Alessandro Morbidelli, at the origins of the solar system

by time news

In the beginning, there was nothing. Just the Sun and the disc of gas and dust where the planets will appear. The gas giants – Jupiter, Saturn, Uranus and Neptune – in a peripheral part. The Rockies – Mercury, Venus, Earth and Mars – near the center. Reconstituting the scenario of this genesis is the “intellectual challenge” who had the audacity to raise Alessandro Morbidelli. A well-known problem “frameless”, ” unending “ et “without a precise and verifiable solution”, he said. The Italian, specialist in the dynamics of celestial bodies, CNRS research director at the Observatory of the Côte d’Azur and associate member of the Academy of Sciences, expected the best to “fueling scientific controversies”.

But, with three of his colleagues, in 2005 he unearthed a treasure: an entire and unpublished chapter of the great novel of our origins… The result of a series of digital simulations, the “Nice model” that his team proposed consisted in a seemingly incredible account of one of the final phases of the formation of the solar system. He imagined Jupiter and Saturn entering into resonance, destabilizing Uranus and Neptune and throwing them, like balls in a game of skittles, towards rows of icy moons, scattering them in all directions! But this model also had the immense advantage of providing, with supporting figures, a plausible explanation for several quirks of our current space environment. Establishing a relationship between contemporary phenomena and events four billion years old, of which no one had imagined finding traces…

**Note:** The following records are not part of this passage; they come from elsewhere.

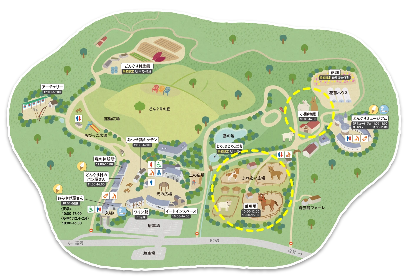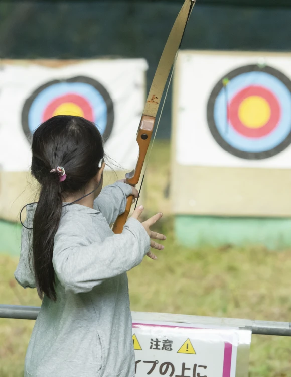 どんぐり村の広々とした⾃然の中で、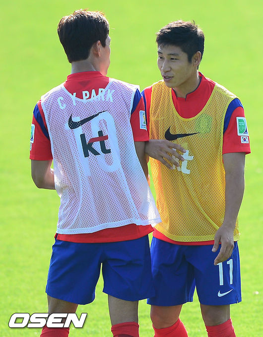 21일 오후 경기도 파주시 파주 NFC(대표팀 트레이닝센터)에서 브라질 월드컵에서 사상 첫 원정 8강에 도전하는 축구 국가대표팀이 훈련 중 미니게임을 시작할때 박주영과 이근호가 몸을 밀고 있다.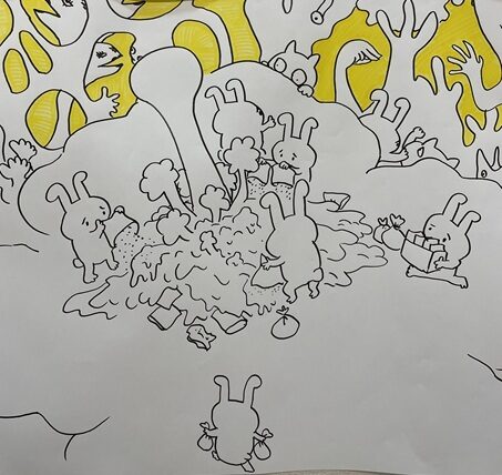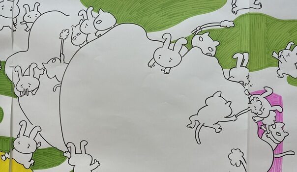 あと、作品の中には、うさぎと猫がどうすれば一緒に過ごせるかを考えている場面もあったり、うさぎと猫以外にもたくさんの生き物がいます。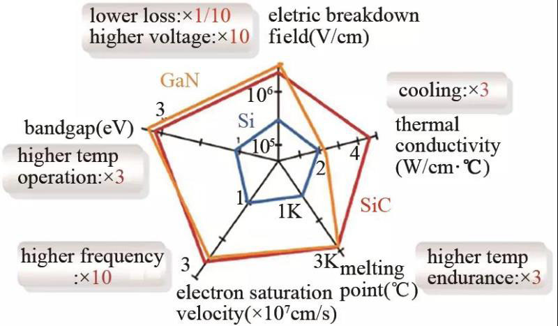 Si基電力電子器件的發(fā)展已經(jīng)達(dá)到Si材料的物料理論極限,為了發(fā)展更高性能的電力電子器件,當(dāng)前國際上普遍采用碳化硅(SiC)和氮化鎵(GaN)為代表的第三代寬禁半導(dǎo)體材料電力電子器件。相比于傳統(tǒng)Si基電力電子器件,第三代半導(dǎo)體器件具有禁帶寬、擊穿電場強(qiáng)度高、載流子飽和漂移速度高、導(dǎo)熱率高等優(yōu)異的物料特性。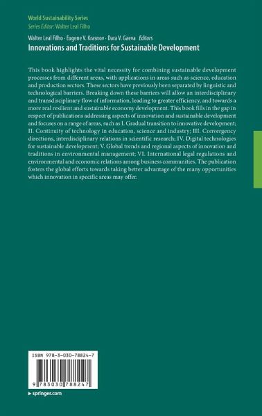 This book highlights the vital necessity for combining sustainable development processes from different areas, with applications in areas such as science, education and production sectors. These sectors have previously been separated by linguistic and technological barriers. Breaking down these barriers will allow an interdisciplinary and transdisciplinary flow of information, leading to greater efficiency, and towards a more real resilient and sustainable economy development. This book fills in the gap in respect of publications addressing aspects of innovation and sustainable development and focuses on a range of areas, such as I. Gradual transition to innovative development; II. Continuity of technology in education, science and industry; III. Convergency directions, interdisciplinary relations in scientific research; IV. Digital technologies for sustainable development; V. Global trends and regional aspects of innovation and traditions in environmental management; VI.International legal regulations and environmental and economic relations among business communities. The publication fosters the global efforts towards taking better advantage of the many opportunities which innovation in specific areas may offer.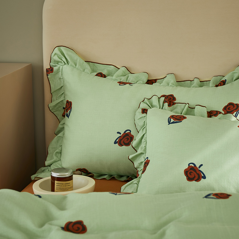 (总)怡家居 2025新款全棉纯棉磨毛数码印花韩系花边四件套,初暖,兰序,阑珊,浪漫,玛丽亚,茵然,语棠,珍妮,紫蘑菇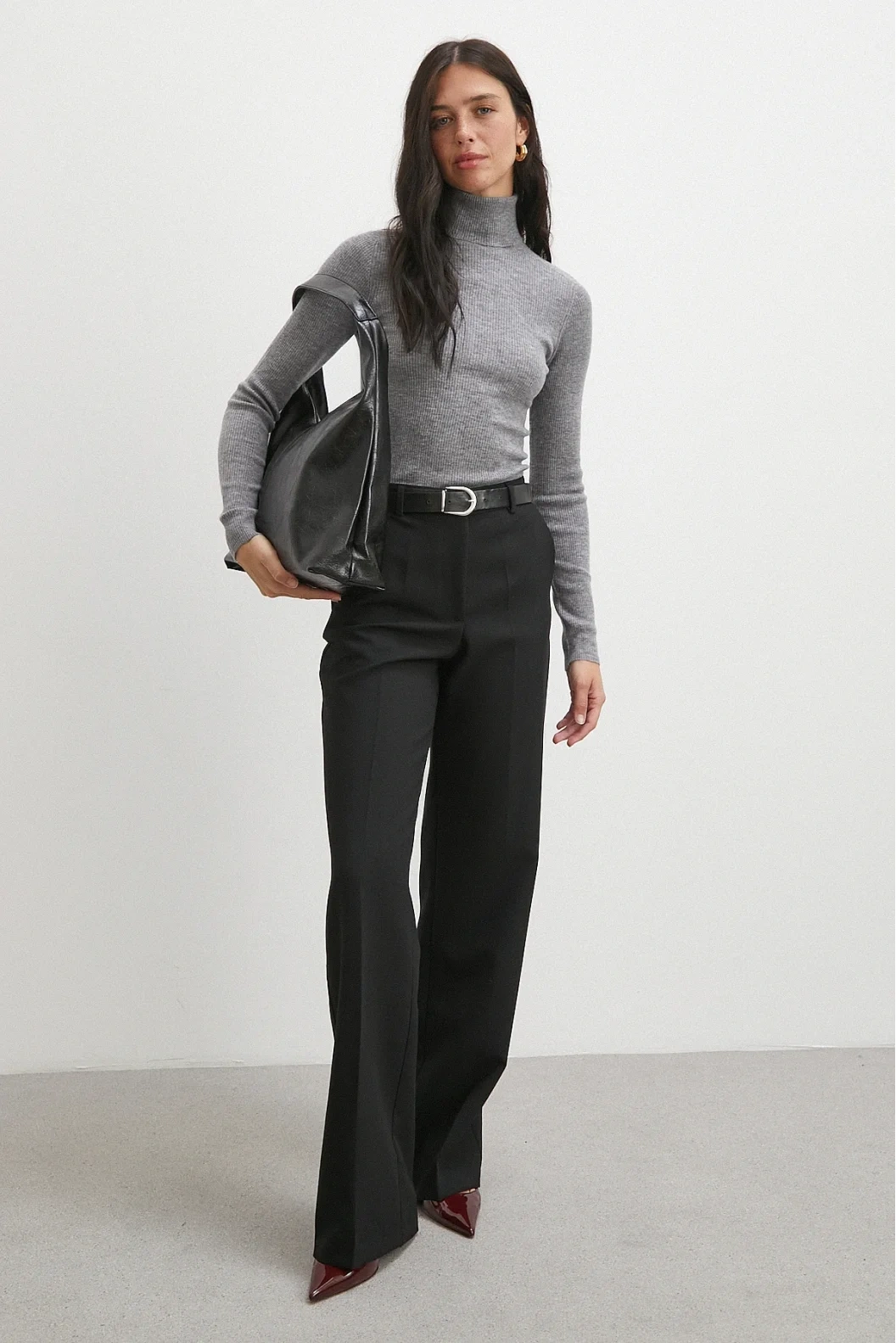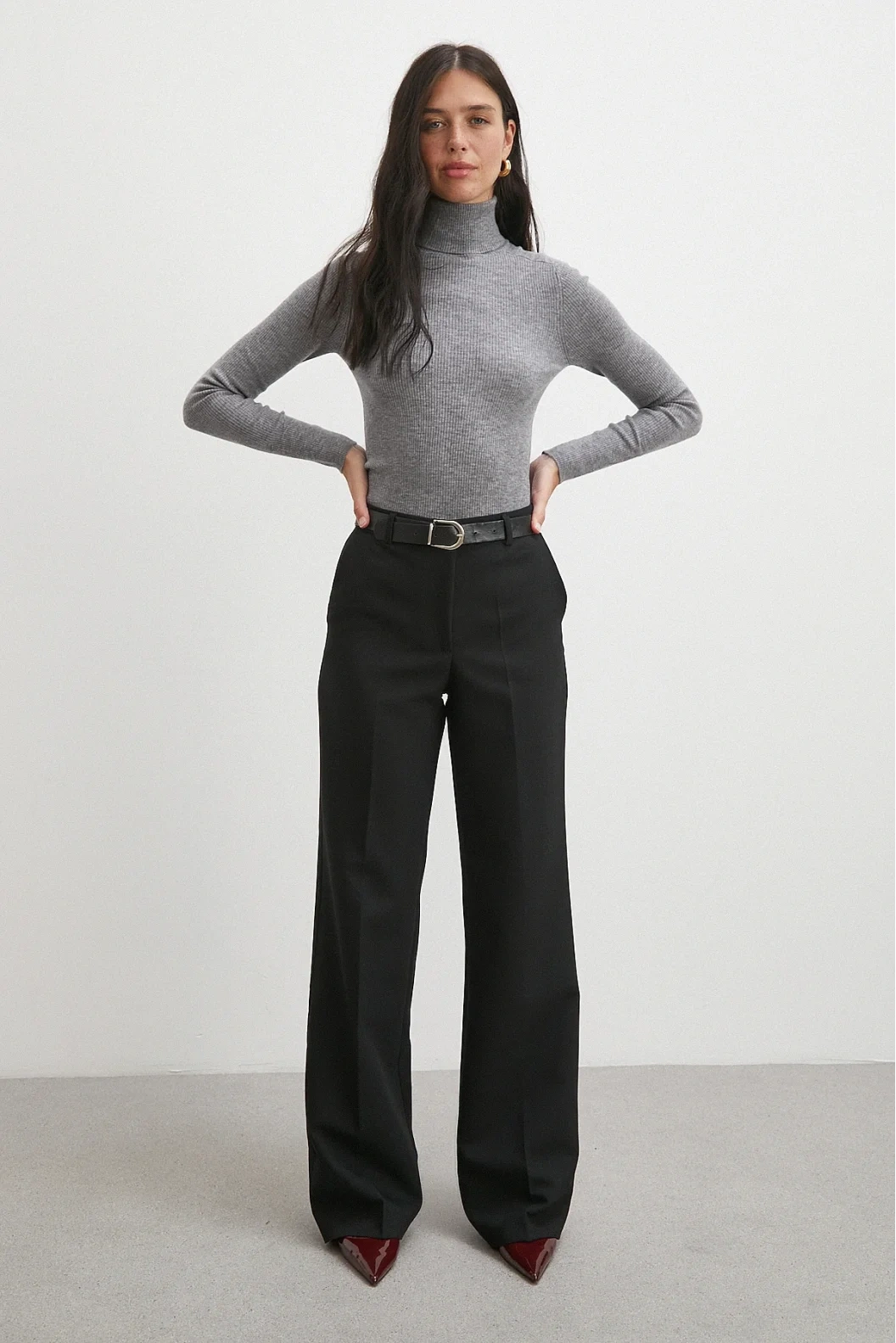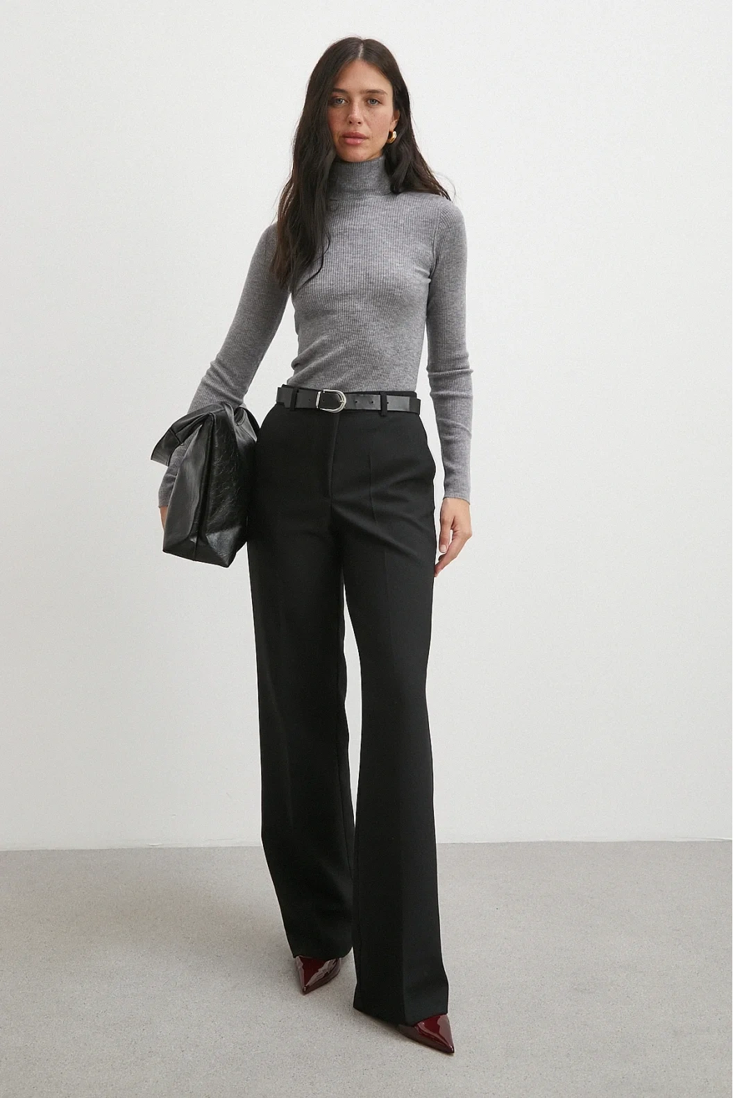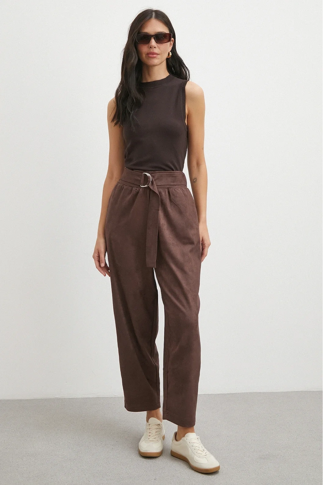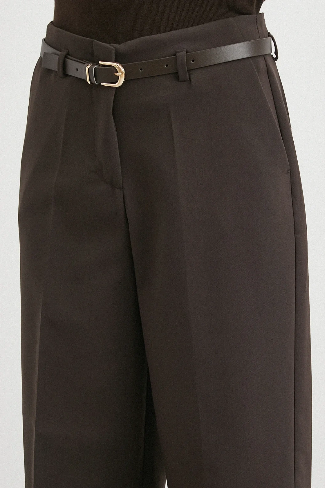 Yüksek Bel Paça Detaylı Kemerli Pantolon Kahve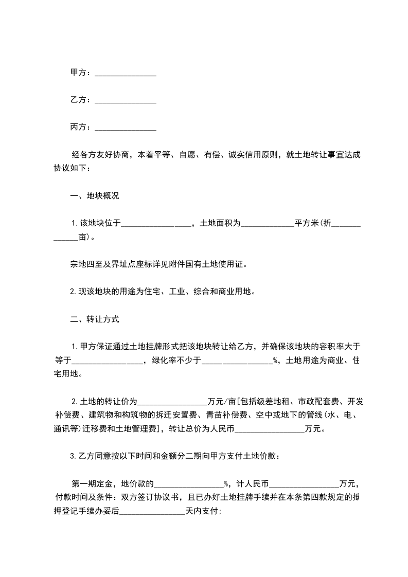 经各方友好协商,本着平等、自愿、有偿、诚实信用原则,就土地转让事宜达成协议如下: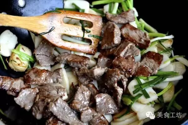 1将牛肉放置在1大匙油,玉米淀粉和1茶匙生抽中腌约15分钟;在锅中加入2汤匙油,加热,待油锅高温冒烟,放入生姜丝片。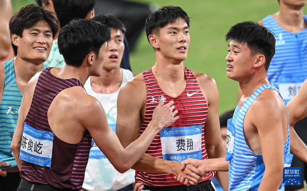 11月16日,山东队选手张文熙(右一)和上海队选手费翔(右二)在比赛后。最终,他们分别获得男子十项全能亚军和季军。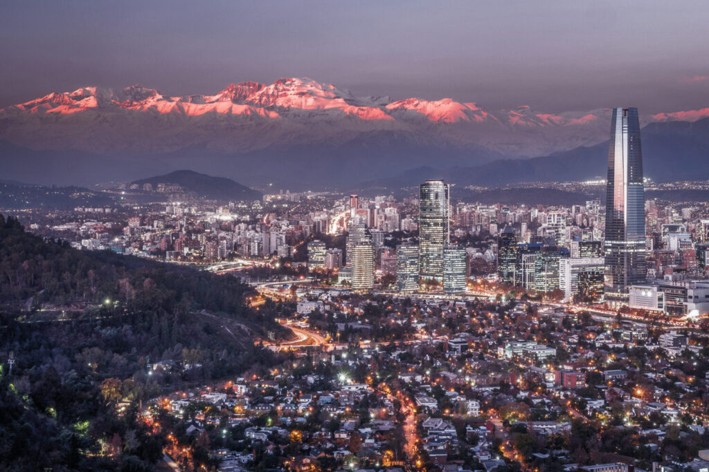 Vista de las montañas de Santiago y Andes al atardecer desde Cerro San Cristóbal, Chile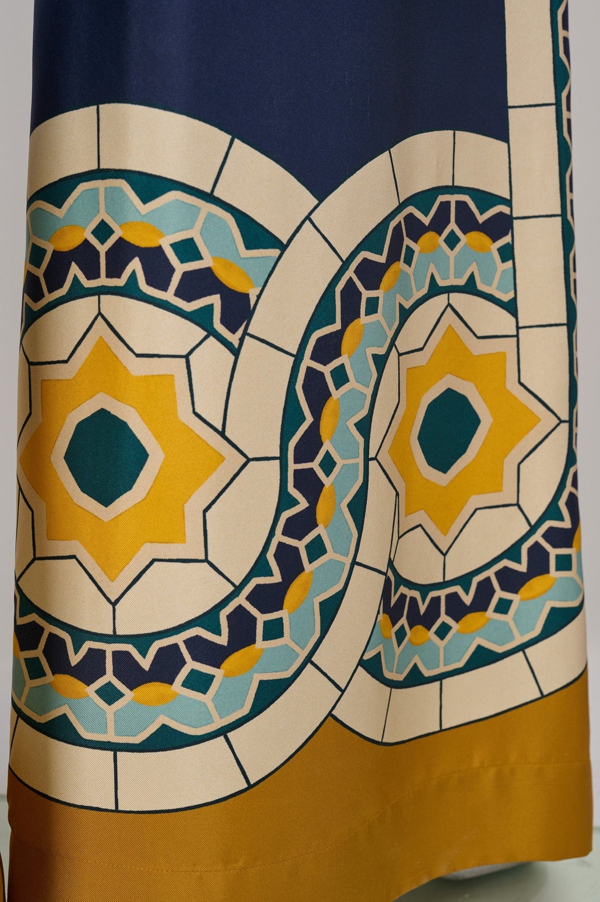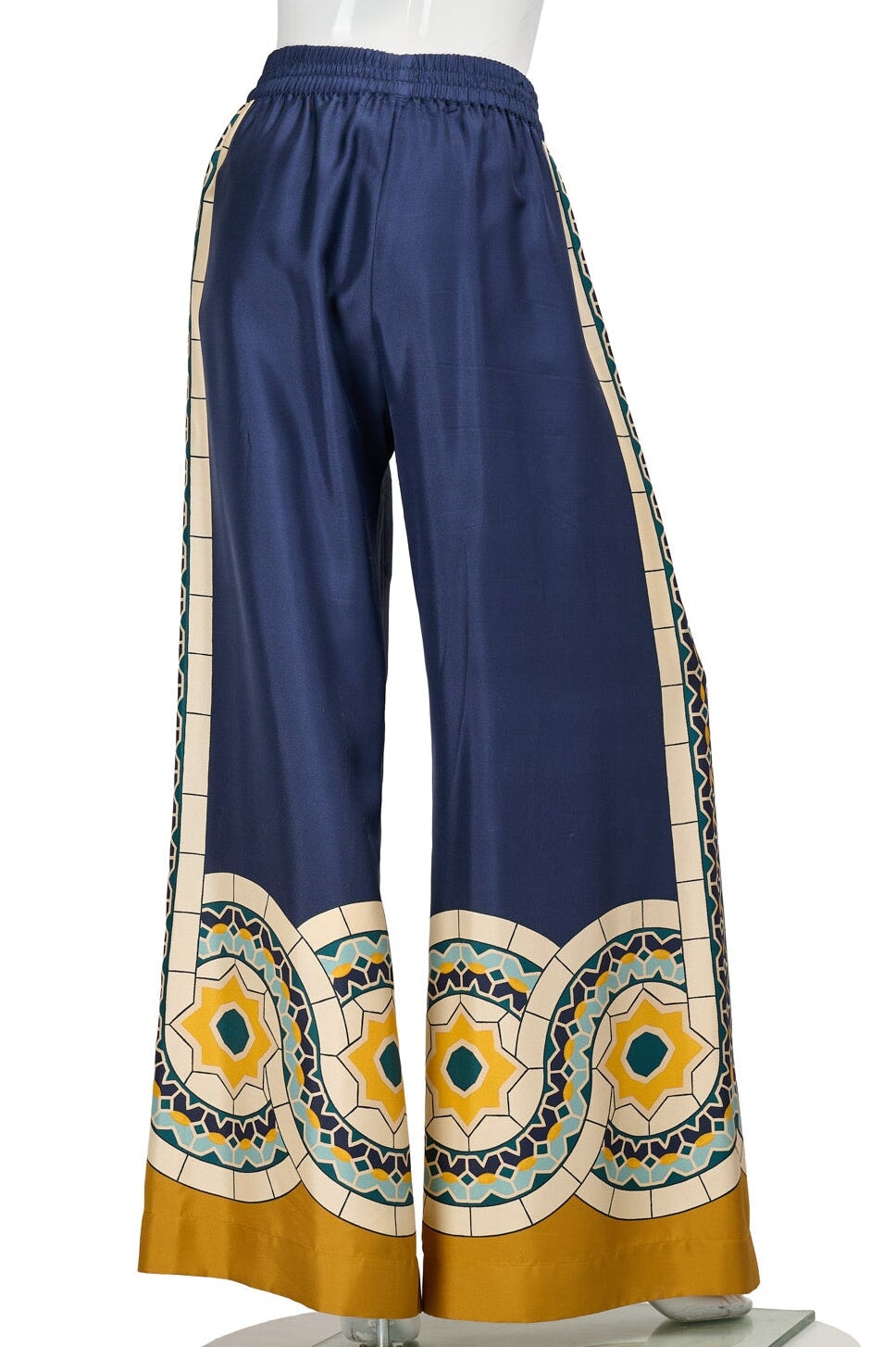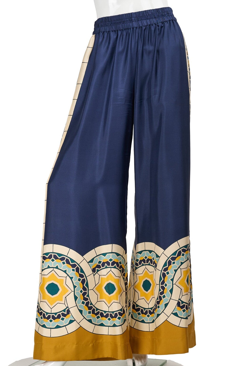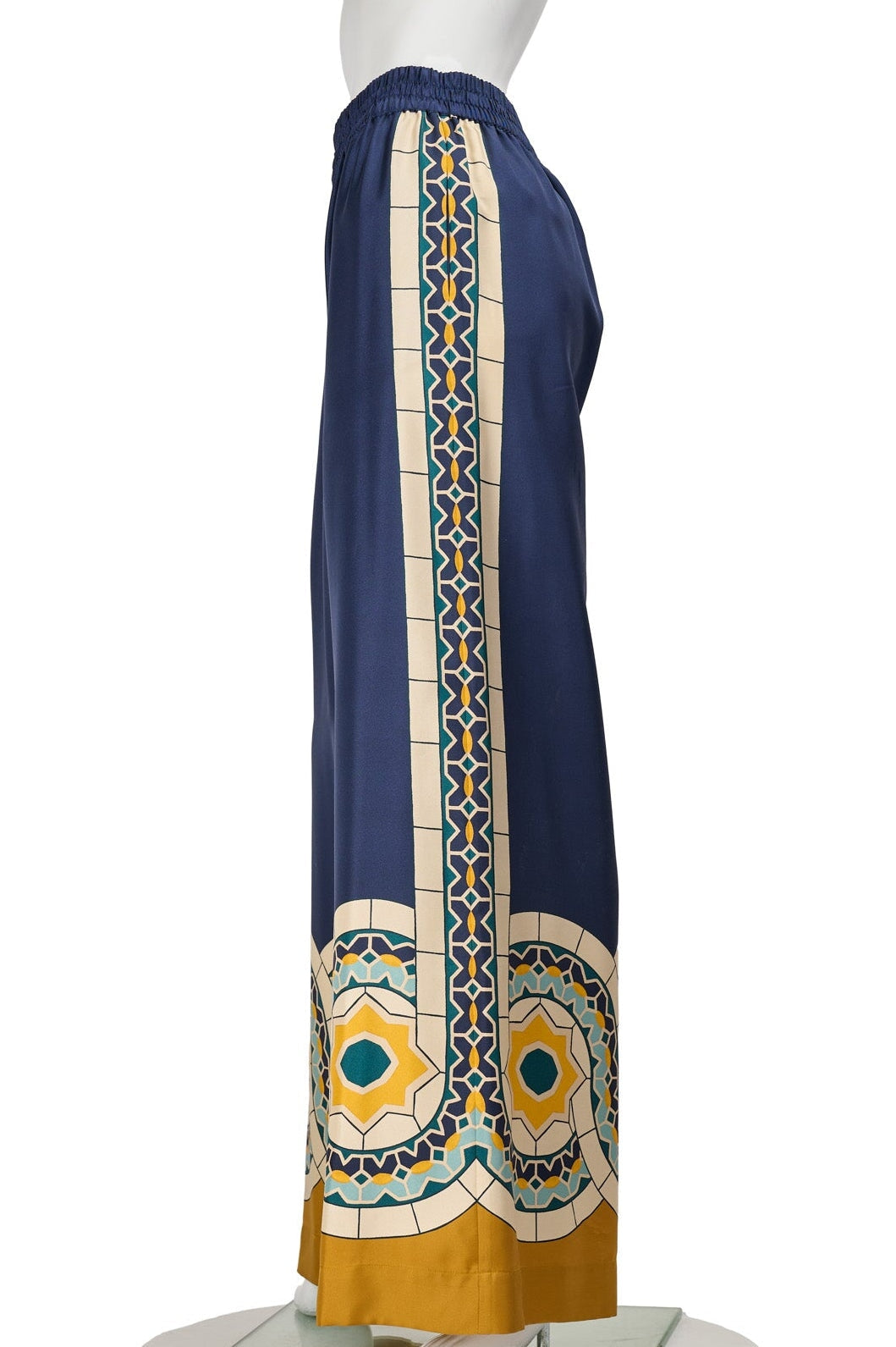 La DoubleJ Silk Twill Palazzo Pants in navy, cream, and mustard

Why does this sympathetic and friendly man whom the professor at the College de France and astrophysicist at the Paris-PSL Observatory Françoise Combe presents as a “world expert in the formation of planetary systems”and “great coordinator” equipped with a “sense of popularization”, did he choose to embark on this quest for primordial truths? The love of the job seems to be the best answer.

Vocation thwarted

At the age of 7 or 8, the young city-dweller discovers from the heights of Lake Garda, in Italy, the « magnificence » of the starry sky and, immediately, he is touched by grace. After reading books on astronomy and observing with the help of the small telescope received at Christmas, adolescence follows the choice of an orientation towards a scientific sector, with the secret hope of transforming his hobby into a job. . Alas, the city of Milan, where his family resides, does not have an astronomy faculty. There is indeed one in Bologna, but, between the concerns of a protective mother and the reluctance of a chemical engineer father in industry, “No need to consider setting foot there”.